AIM OF THE EXERCISE
Take the line containing "Sürücüsü ve plakası" and every line after it to the end of the material below; reproduce them exactly, without pictures.

◆ ◆ ◆ ◆

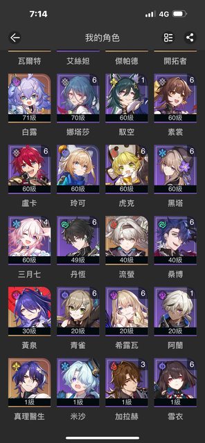 各位大佬安好 最近看流螢很火跟風回鍋一下 我應該是從霍霍後就沒玩了,但是偶爾會登入抽卡 下面是我的box和光錐 https://i.imgur.com/QPImkDA.png
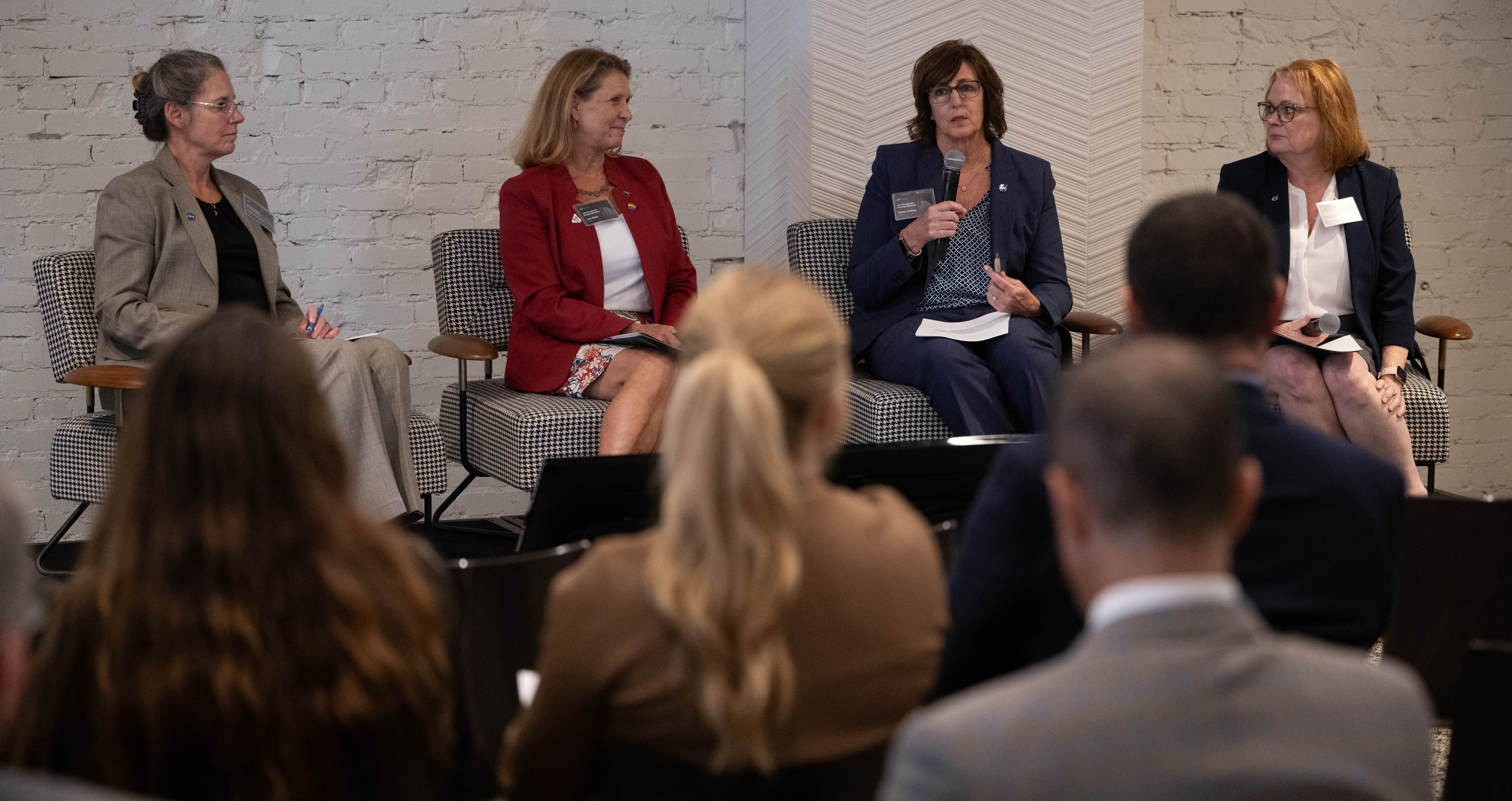 Sandra Connelly, deputy associate administrator for NASA’s Science Mission Directorate, left, Lori Glaze, acting deputy associate administrator for NASA’s Exploration Systems Development Mission Directorate, Robyn Gatens, director of the International Space Station at NASA Headquarters, and Carrie Olsen, manager of the Next Gen STEM project for NASA’s Office of STEM Engagement, discuss key takeaways at the conclusion of NASA’s LEO Microgravity Strategy Industry and Academia Workshop, Friday, Sept. 13, 2024, at Convene in Washington. NASA’s LEO Microgravity Strategy effort aims to develop and document an objectives-based approach toward the next generation of human presence in low Earth orbit to advance microgravity science, technology, and exploration. Photo Credit: (NASA/Joel Kowsky)
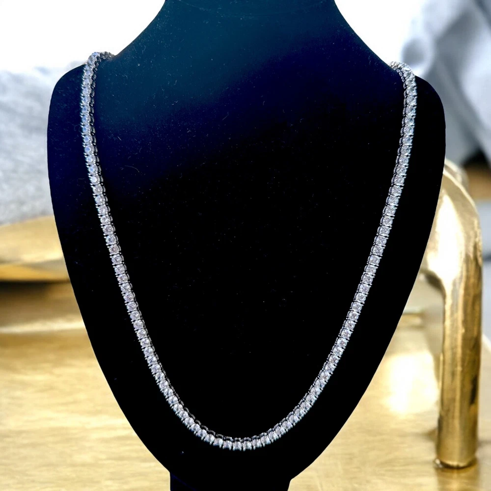 Upgrade your look with this stunning 30-inch 925 Sterling Silver tennis chain! Crafted with solid 925 silver (stamped on the clasp), this chain features a sleek 4mm width, AAA Cubic Zirconia stones, and a box clasp for secure wear. Itβs brand new and comes in a box β perfect as a gift or for your personal collection. πΉ Product Highlights: β Length: 30 inches β Width: 4mm β Material: Real 925 Sterling Silver (stamped) β Stones: AAA Cubic Zirconia β Clasp: Secure box clasp β Condition: Brand new, never worn β Packaging: Ships in a box (great for gifting) Ships fast & securely from the USA. Get yours today while supplies last!
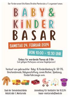Alles rund ums Kind gibt es am 24.02. von 10:00 - 12:30 Uhr auf dem Saal der Gemeindeschänke in Menteroda. Verkauft wird gebrauchte, aber noch gut erhaltene Kleidung, Bücher, Spielzeug, Babyausstattung, Umstandsmode uvm.
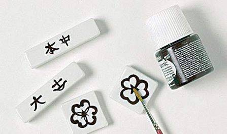 绘上图案和文字时,可以按照图片中的图案进行制作,也可以选择其他的民族图案,将它们绘制在筷子架上。颜料最好不要稀释,因为在陶瓷上绘画需要足够的浓度。画完之后放置一会儿,待颜料干透后,放入烤箱用180摄氏度的温度烘烤20分钟。
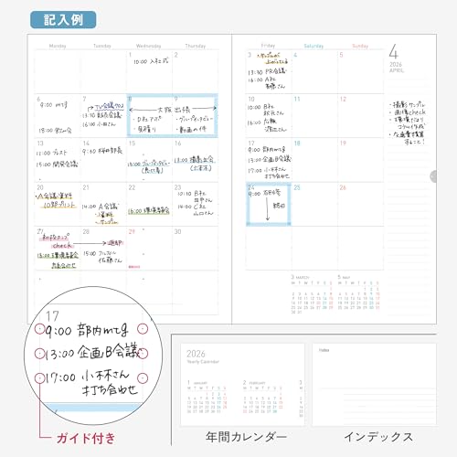 【編集内容】 インデックス・年間カレンダー・イヤープランナー・月間カレンダー(見開き1カ月・ブロック式)・方眼罫ノート121ページ
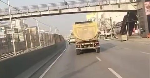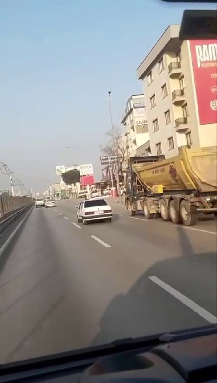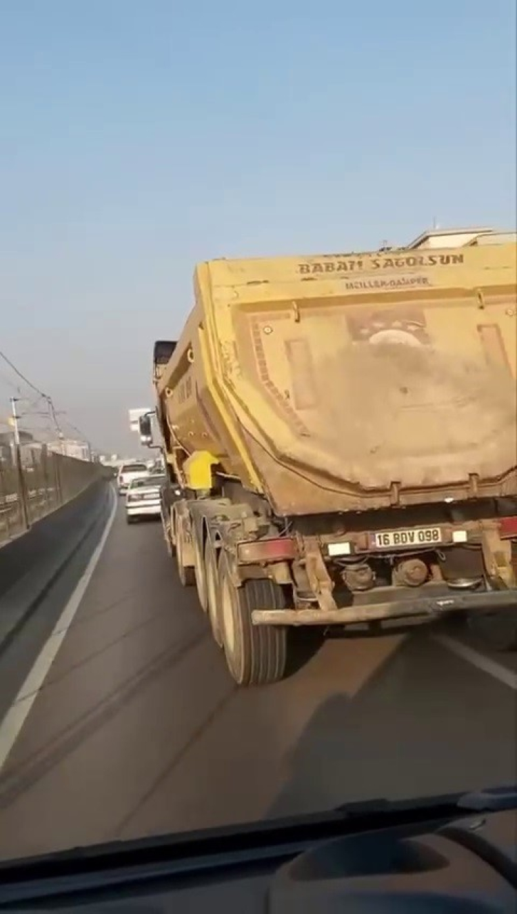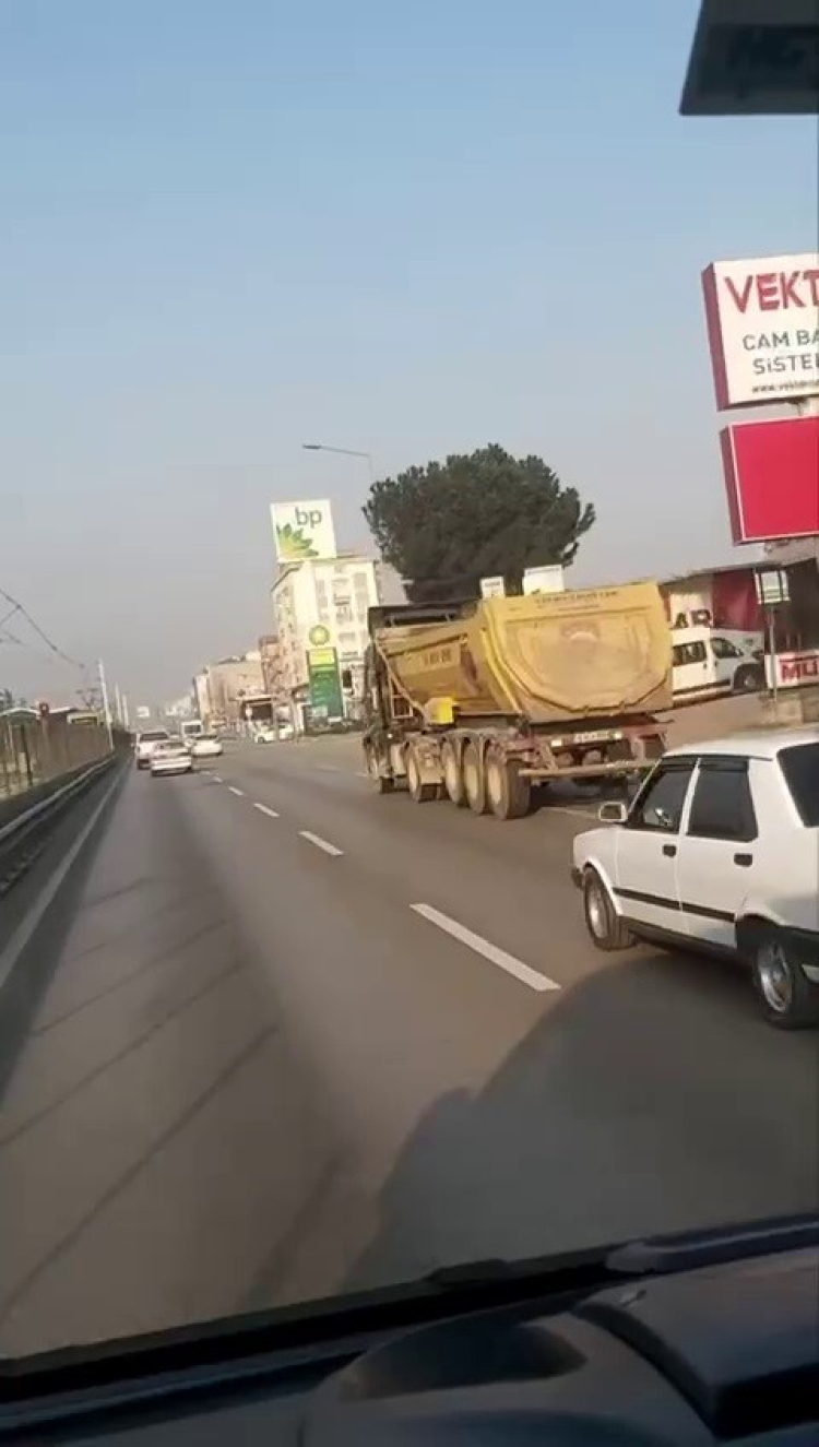 Sürücüsü ve plakası henüz öğrenilemeyen kamyon, bir anda makas atmaya başladı.
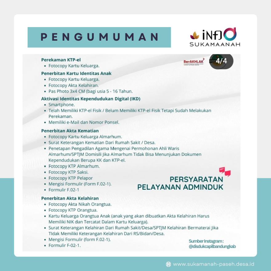 INFO-SUKAMANAH. Diberitahukan Kepada Seluruh Warga Desa Sukamanah Kecamatan Paseh Berikut adalah Jadwal Pelayanan Mobile Desa Administrasi Kependudukan yang akan dilaksanakan pada :
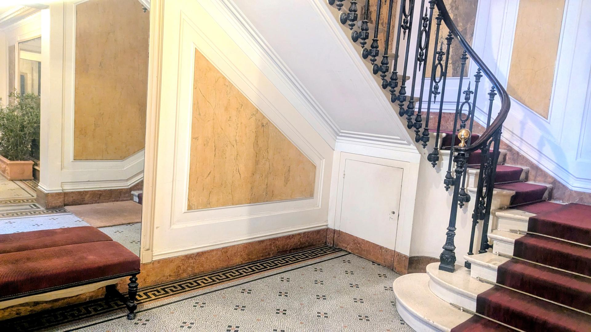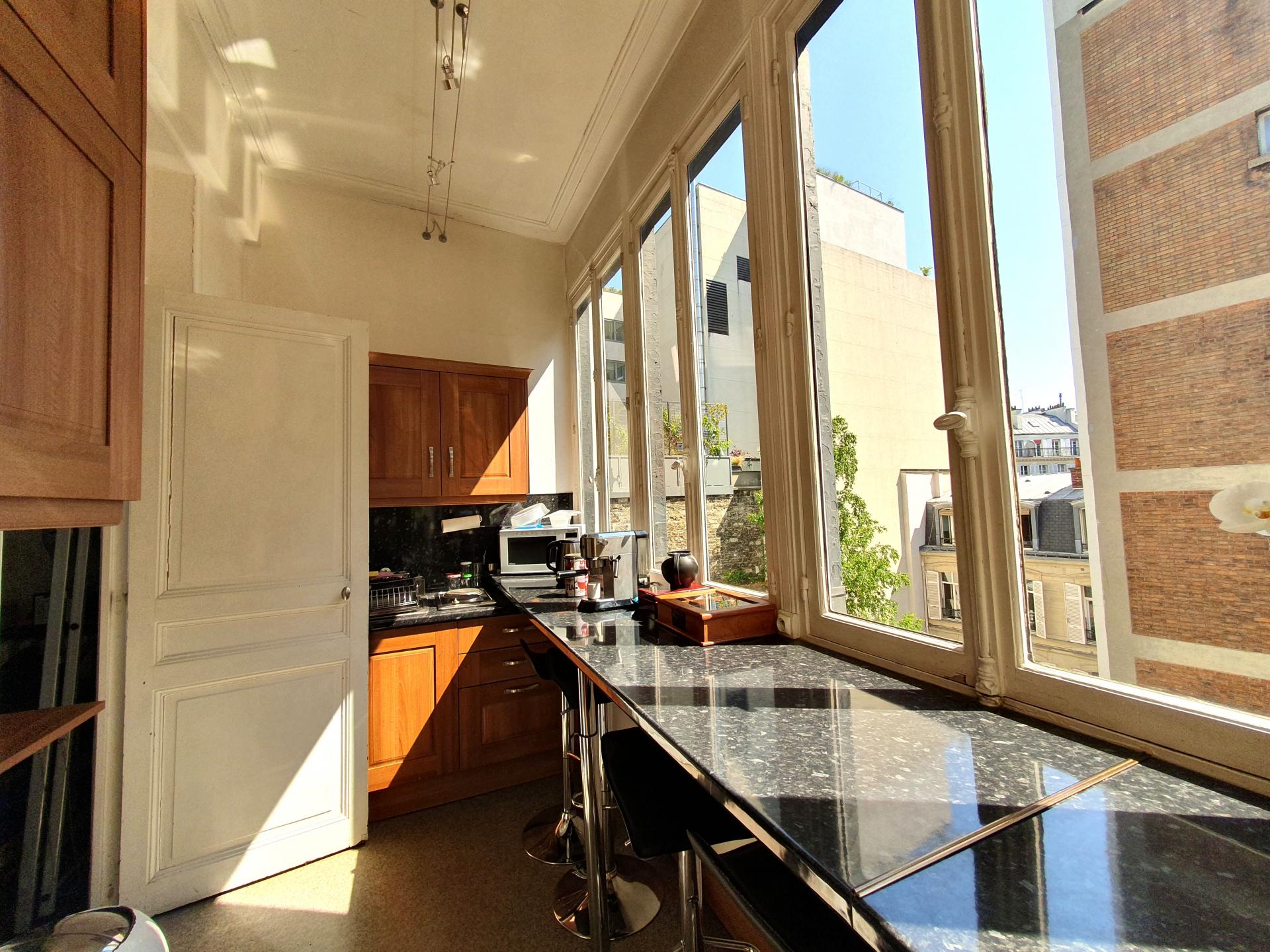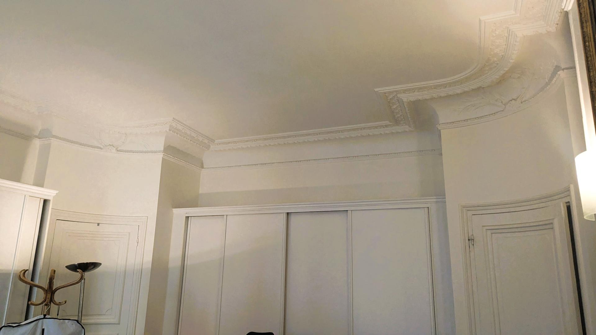 Bel haussmannien, moulures et cheminées, 3m50 de hauteur de plafond. Parquet point de Hongrie. Adresse 90 rue d’Amsterdam 75009, limite 8ème arrondissement.
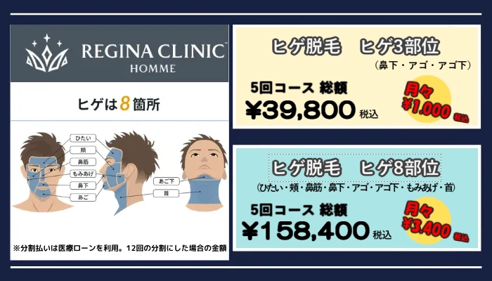 まずは『レジーナクリニックオム』の脱毛料金を詳しく見ていきましょう。
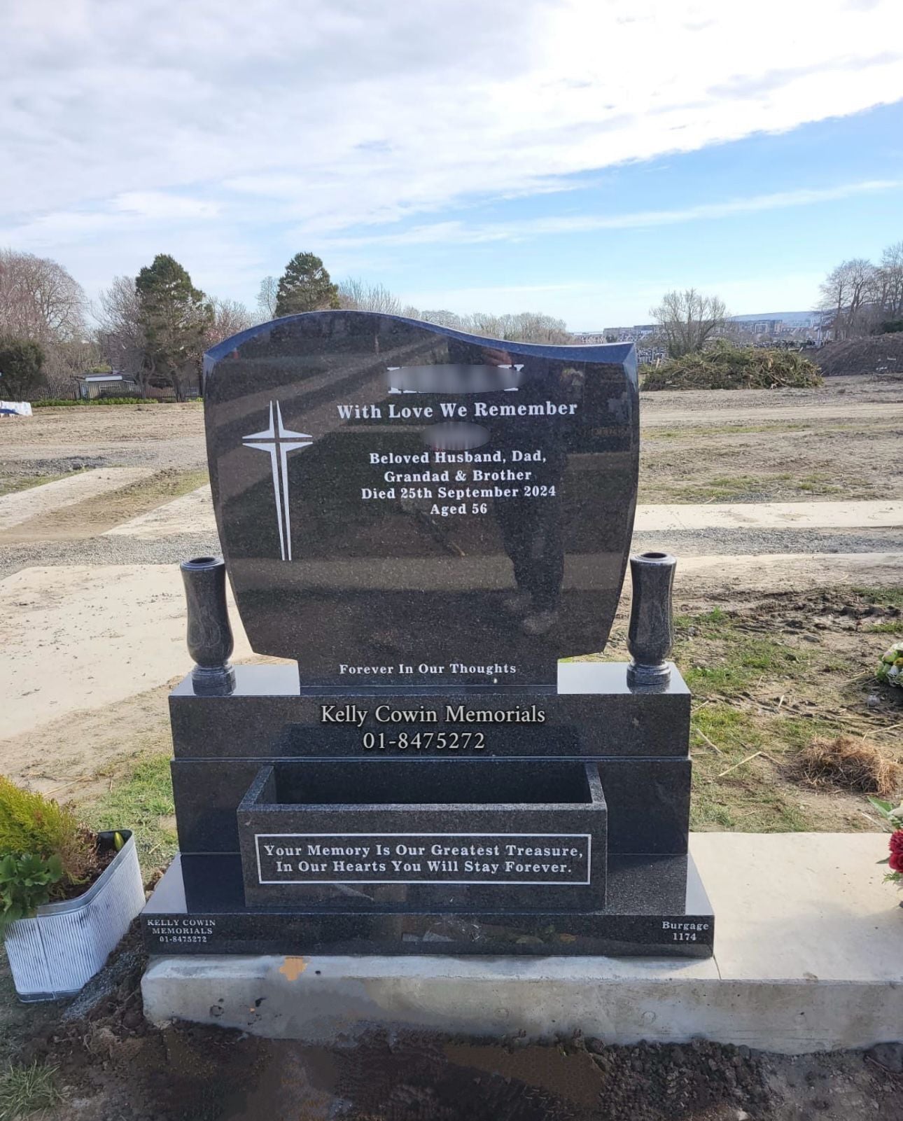(Please note that Kelly Cowin Memorials may add vat as required by law to any extra payments they pay to any third party at the customer’s request)

◆ ◆ ◆ ◆

SOLUTION TO THIS EXERCISE
 Sürücüsü ve plakası henüz öğrenilemeyen kamyon, bir anda makas atmaya başladı.
 INFO-SUKAMANAH. Diberitahukan Kepada Seluruh Warga Desa Sukamanah Kecamatan Paseh Berikut adalah Jadwal Pelayanan Mobile Desa Administrasi Kependudukan yang akan dilaksanakan pada :
 Bel haussmannien, moulures et cheminées, 3m50 de hauteur de plafond. Parquet point de Hongrie. Adresse 90 rue d’Amsterdam 75009, limite 8ème arrondissement.
 まずは『レジーナクリニックオム』の脱毛料金を詳しく見ていきましょう。
(Please note that Kelly Cowin Memorials may add vat as required by law to any extra payments they pay to any third party at the customer’s request)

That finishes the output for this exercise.